• _AIM OF THE TASK_: For the material below, reproduce exactly each line from the one that has "3 in 1 Foldable" through the one that has "2. [ログアウト]をクリッ", and no others; pictures stay out.

• _ENTRIES PROVIDED_:

——

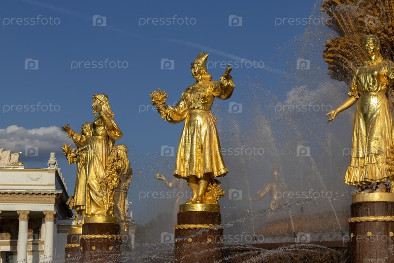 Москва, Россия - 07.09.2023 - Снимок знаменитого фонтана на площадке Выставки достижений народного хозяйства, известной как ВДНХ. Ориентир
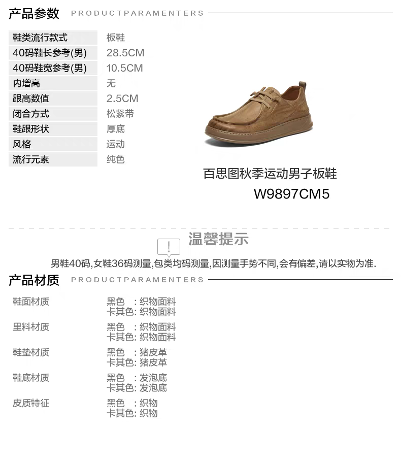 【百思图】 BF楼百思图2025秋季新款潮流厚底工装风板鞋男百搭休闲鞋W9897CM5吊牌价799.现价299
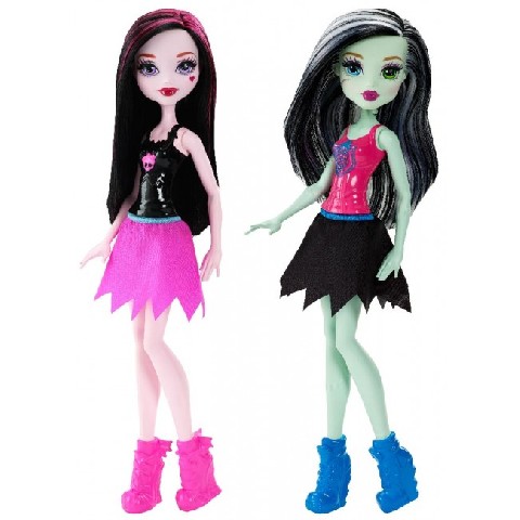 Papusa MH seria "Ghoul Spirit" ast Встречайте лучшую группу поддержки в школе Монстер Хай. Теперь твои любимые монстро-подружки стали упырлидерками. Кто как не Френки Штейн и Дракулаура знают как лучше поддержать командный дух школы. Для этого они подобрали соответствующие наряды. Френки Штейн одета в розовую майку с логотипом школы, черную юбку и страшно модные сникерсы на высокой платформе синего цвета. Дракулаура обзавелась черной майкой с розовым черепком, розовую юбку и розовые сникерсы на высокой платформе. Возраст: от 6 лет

——

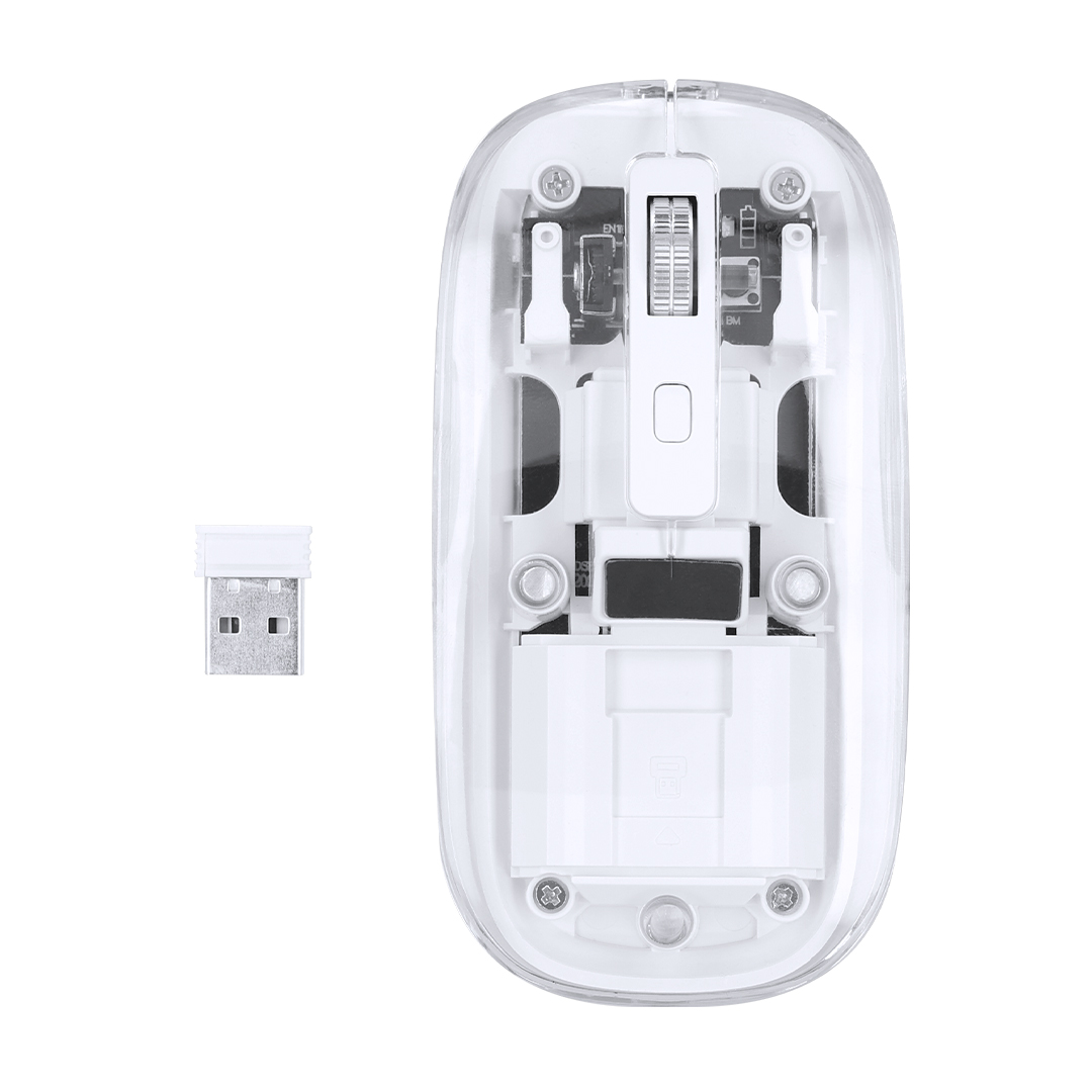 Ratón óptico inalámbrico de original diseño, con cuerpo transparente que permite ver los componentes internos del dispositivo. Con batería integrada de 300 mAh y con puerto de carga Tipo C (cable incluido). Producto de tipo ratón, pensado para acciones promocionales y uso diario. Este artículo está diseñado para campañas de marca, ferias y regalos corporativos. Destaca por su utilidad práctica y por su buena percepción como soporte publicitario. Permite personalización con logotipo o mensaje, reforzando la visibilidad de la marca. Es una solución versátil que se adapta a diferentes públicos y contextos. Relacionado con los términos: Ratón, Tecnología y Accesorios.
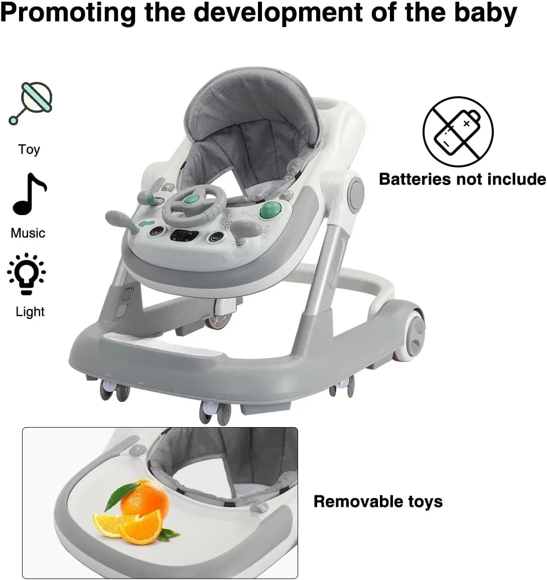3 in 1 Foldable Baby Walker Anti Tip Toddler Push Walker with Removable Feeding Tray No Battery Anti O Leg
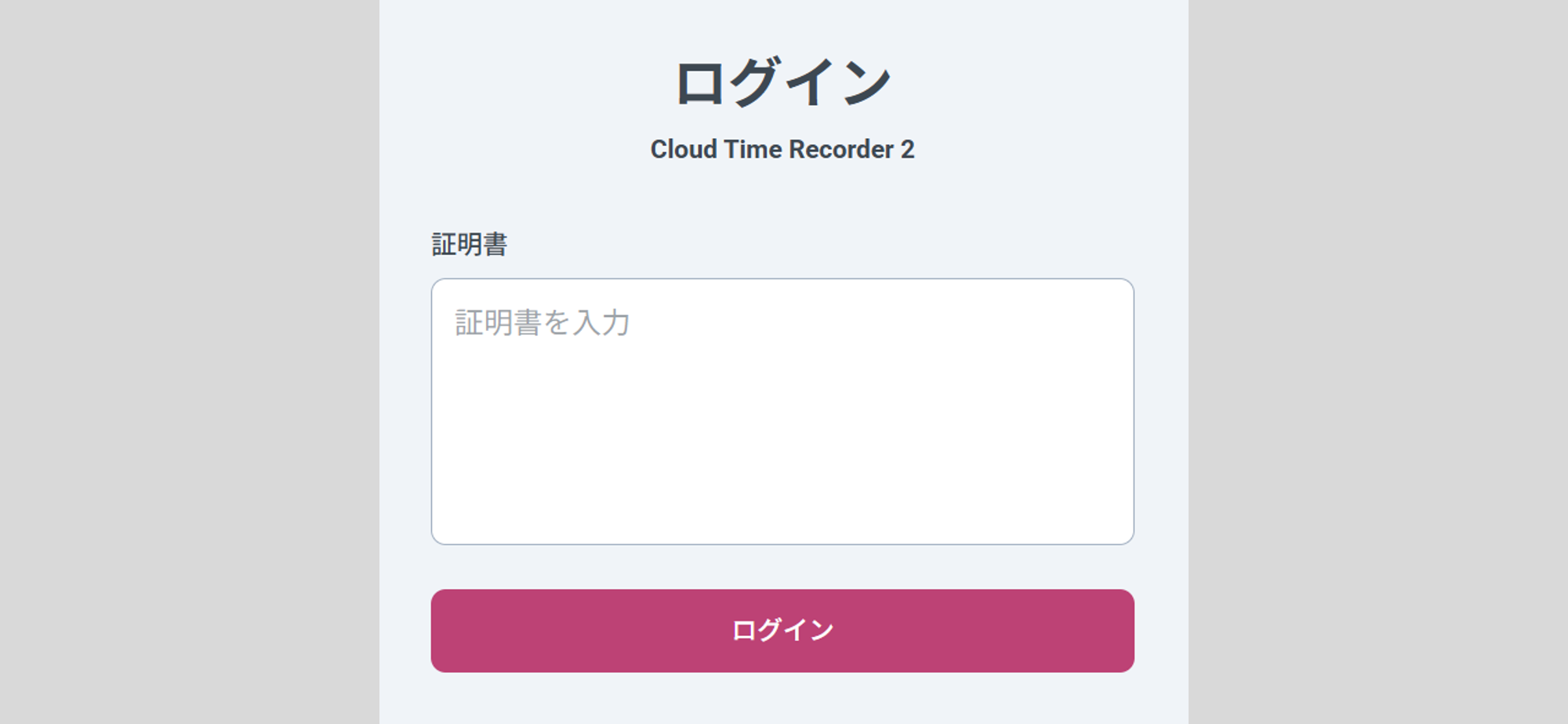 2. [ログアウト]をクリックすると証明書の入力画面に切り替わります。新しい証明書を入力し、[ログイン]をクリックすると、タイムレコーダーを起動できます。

——

• _WRITTEN ANSWER_:
3 in 1 Foldable Baby Walker Anti Tip Toddler Push Walker with Removable Feeding Tray No Battery Anti O Leg
 2. [ログアウト]をクリックすると証明書の入力画面に切り替わります。新しい証明書を入力し、[ログイン]をクリックすると、タイムレコーダーを起動できます。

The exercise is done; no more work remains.